BurgherGray will continue to monitor developments with respect to the Program, including the start date and any changes in the eligibility criteria or other terms. Should you have any questions, please feel free to reach out to Gopal M. Burgher ([email protected]) or Lisa Brice ([email protected] or your regular BurgherGray contact.


[1] Other facilities include: the Primary Market Corporate Credit Facility, which is intended to provide loans and bond financing to U.S. companies with investment grade debt ratings; the Secondary Market Corporate Credit Facility, through which the Feds will effect secondary market purchases of bonds or ETFs issued by U.S. companies; the Term Asset-Backed Securities Loan Facility (TALF) through which the Feds will fund loans secured by asset-backed securities with underlying credit exposure to consumer and small business loans, including student loans, auto and credit card loans, equipment loans, loans guaranteed by the Small Business Administration, and certain other assets; the Money Market Mutual Fund Liquidity Facility, which will fund loans to eligible financial institutions secured by high-quality assets purchased by the financial institution from money market mutual funds in order to assist money market funds in meeting demands for redemptions by households and other investors; the Commercial Paper Funding Facility, which will provide liquidity to the commercial paper market through the purpose of unsecured and asset-backed commercial paper rated A1/P1 directly from eligible companies; and the Municipal Liquidity Facility, which will fund purchases of tax, revenue, and bond “anticipation” securities from the states and certain of their political subdivisions that meet specified population thresholds. 

[2] An ineligible business is a type of business listed 13 CFR 120.110(b)-(j) and (m)-(s), as modified by the Small Business Administration’s PPP regulations and includes the following: non-profits; those primarily engaged in the lending; passive businesses owned by developers and landlords that do not actively use or occupy the assets acquired or improved with the loan proceeds (with limited exception); life insurance companies; businesses located outside of the U.S.; businesses deriving more than one-third of gross annual revenue from legal gambling activities; businesses with an officer, director or owner of more than 20% who is incarcerated, on probation, on parole, or has been indicted for a felony or a crime of moral turpitude; unless waived, businesses that have previously defaulted on a Federal loan or Federally assisted financing; and businesses primarily engaged in political or lobbying activities, among other things.

[3] Businesses that have received PPP loans are permitted, provided they are also eligible borrowers.

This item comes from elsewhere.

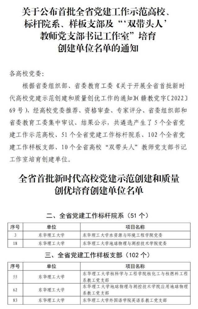 近日,省委组织部、省委教育工委公布了首批全省新时代党建示范创建和质量创优培育创建单位名单。东华理工大学地球物理与测控技术学院党委、水资源与环境工程学院党委入选为“全省党建工作标杆院系”培育创建单位,地球物理与测控技术学院应用地球物理系教工党支部、核科学与工程学院核化工与核燃料工程系教工党支部、外国语学院英语系教工党支部入选为“全省党建工作样板支部”培育创建单位。

[4] Until 12 months after the loan is no longer outstanding, the eligible borrower is not allowed to: (1) repurchase an equity security that is listed on a national securities exchange of the eligible borrower or any parent company of the eligible borrower, except to the extent required under a contractual obligation that was in effect as of March 27, 2020; (2) pay dividends or make other capital distributions with respect to the common stock of the eligible borrower; (3) for any officer or employee of the eligible borrower whose total compensation exceeded $425,000 in calendar year 2019, pay (i) total compensation that exceeds that paid in calendar year 2019 or (ii) severance pay or other benefits upon termination of employment with the eligible borrower which exceeds twice the maximum total compensation in calendar year 2019; or (4) for any officer or employee of the eligible borrower whose total compensation exceeded $3,000,000 in calendar year 2019, award total compensation in excess of the sum of (i) $3,000,000; and (ii) 50 percent of the excess over $3,000,000 of the total compensation received by the officer or employee from the eligible borrower in calendar year 2019. The term ‘‘total compensation’’ includes salary, bonuses, awards of stock, and other financial benefits provided by an eligible business to an officer or employee of the eligible business.

[5] In the case of the MSELF, the participation interest purchased will only be with respect to the upsized portion of the loan (not the pre-existing loan portion).